The findings so far indicate that the widespread outages were caused by malfunctioning updates to the Falcon Sensor, a product of cybersecurity firm CrowdStrike. This sensor is integrated into various Microsoft systems, including Azure, Microsoft 365, and Windows OS, as part of a business partnership to enhance cybersecurity coverage. CrowdStrike's role involves providing advanced endpoint security for Microsoft environments and assisting organisations in meeting compliance requirements within Microsoft ecosystems.

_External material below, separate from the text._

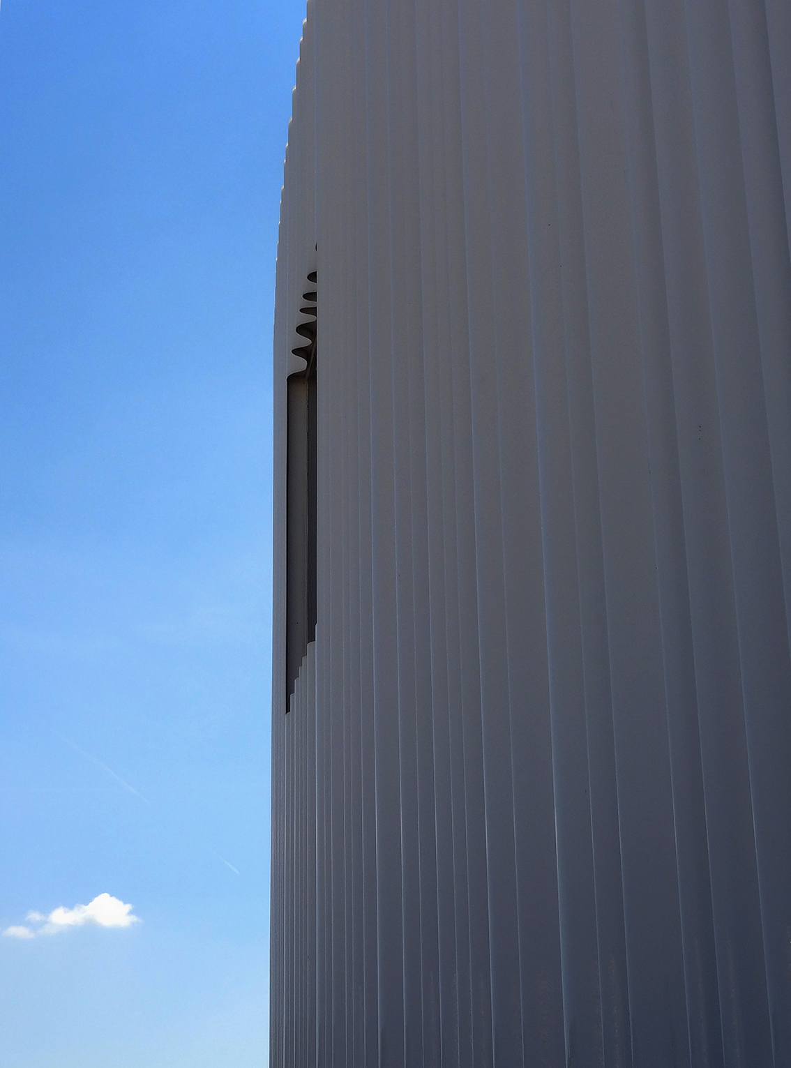 C’est le duo d’architectes japonais du cabinet Sanaa qui a réalisé cette gigantesque halle « circulaire-mais-pas-tout-à-fait »recouverte d’une tôle ondulée aux plis irréguliers.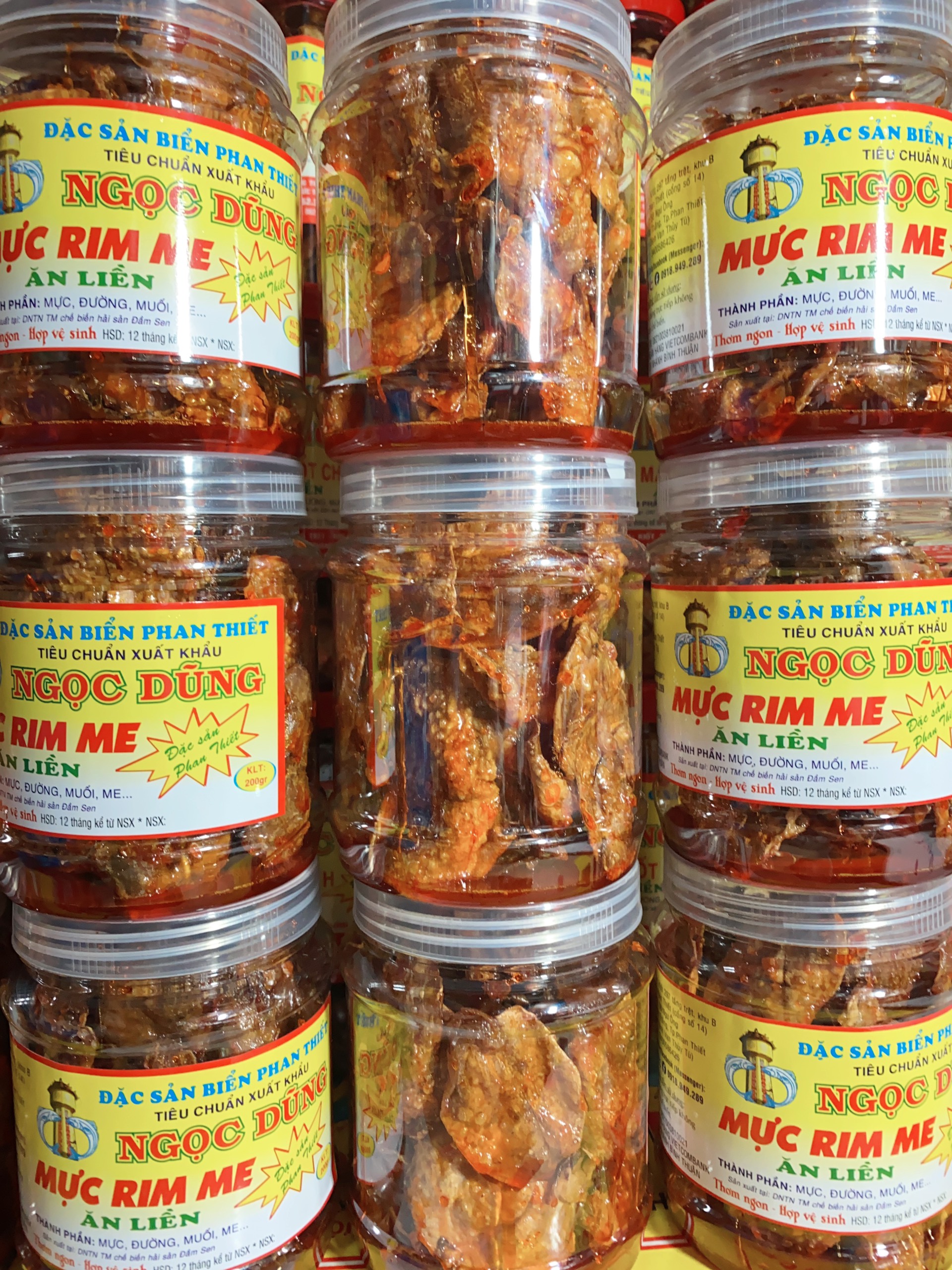 Mua tại TiktokMực rim me ( ăn liền ) hộp 250 gram được chế biến từ mực ống hay mực lá còn tươi xanh tại Cảng cá Phan Thiết tỉnh Bình Thuận là món ăn ngon của Shop Đặc Sản Biển Phan Thiết NGỌC DŨNG. Từ lâu khô mực là món ăn yêu thích của rất nhiều người bởi vị ngọt ngon, đậm đà, mặm mòi đặc trưng riêng của nước biển miền trung quê hương tôi. Đây là món thực phẩm khô rim me rất dể bảo quản trong tủ lạnh nên khách hàng đi du lịch Phan Thiết - Mũi Né thường xuyên mua làm quà biếu cho người thân vì vậy bạn nên mua dự trữ trong tủ lạnh mỗi khi rảnh rổi ăn vật nhâm nhi cả ngày hay khách đến nhà chơi đem ra ăn liền rất ngon và tuyệt vời giới thiệu cho nhiều người cùng mua liên hệ Đặc Sản Biển Phan Thiết NGỌC DŨNG. Sản phẩm mực rim me ngày nào cũng sản xuất nên lúc nào cũng có hàng đảm bảo chất lượng thơm ngon và hợp vệ sinh an toàn thực phẩm. Sức khỏe của bạn- uy tín của tôi. Xuất xứ tại Cảng cá Phan Thiết tỉnh Bình Thuận. Hạn sử dụng 6 tháng kể từ ngày đặt hàng. SHOP CAM KẾT: Đảm bảo sản phẩm khô chất lượng 100% giống mô tả đạt chất lượng an toàn vệ sinh thực phẩm theo tiêu chuẩn Bộ Y Tế. Hình ảnh sản phẩm là hình thật do shop tự chụp màu sắc tự nhiên. Sản phẩm có sẳn giao hàng ngay khi nhận được đơn đặt hàng của quý khách. Giao hàng trên toàn quốc.

The Falcon Sensor is designed to be lightweight, minimising its impact on system performance. It collects telemetry data on endpoint activities and events, such as process executions, network connections, and file system changes. This data undergoes real-time analysis to detect potential threats or suspicious activities. The sensor employs behavioural analysis techniques for threat identification, moving beyond traditional signature-based detection methods.
Microsoft and CrowdStrike have assured the public that these outages are not the result of cyber attacks. This is a failure by two top companies who swear by their security practices but were found wanting. The unprecedented scale and impact of this disruption—the largest cyber outage to date—has raised serious questions about the protocols and practices employed for software and patch updates on large, critical systems. Concerns include whether untested updates were pushed into the system at kernel levels and if and how Microsoft was excluded from the trust process.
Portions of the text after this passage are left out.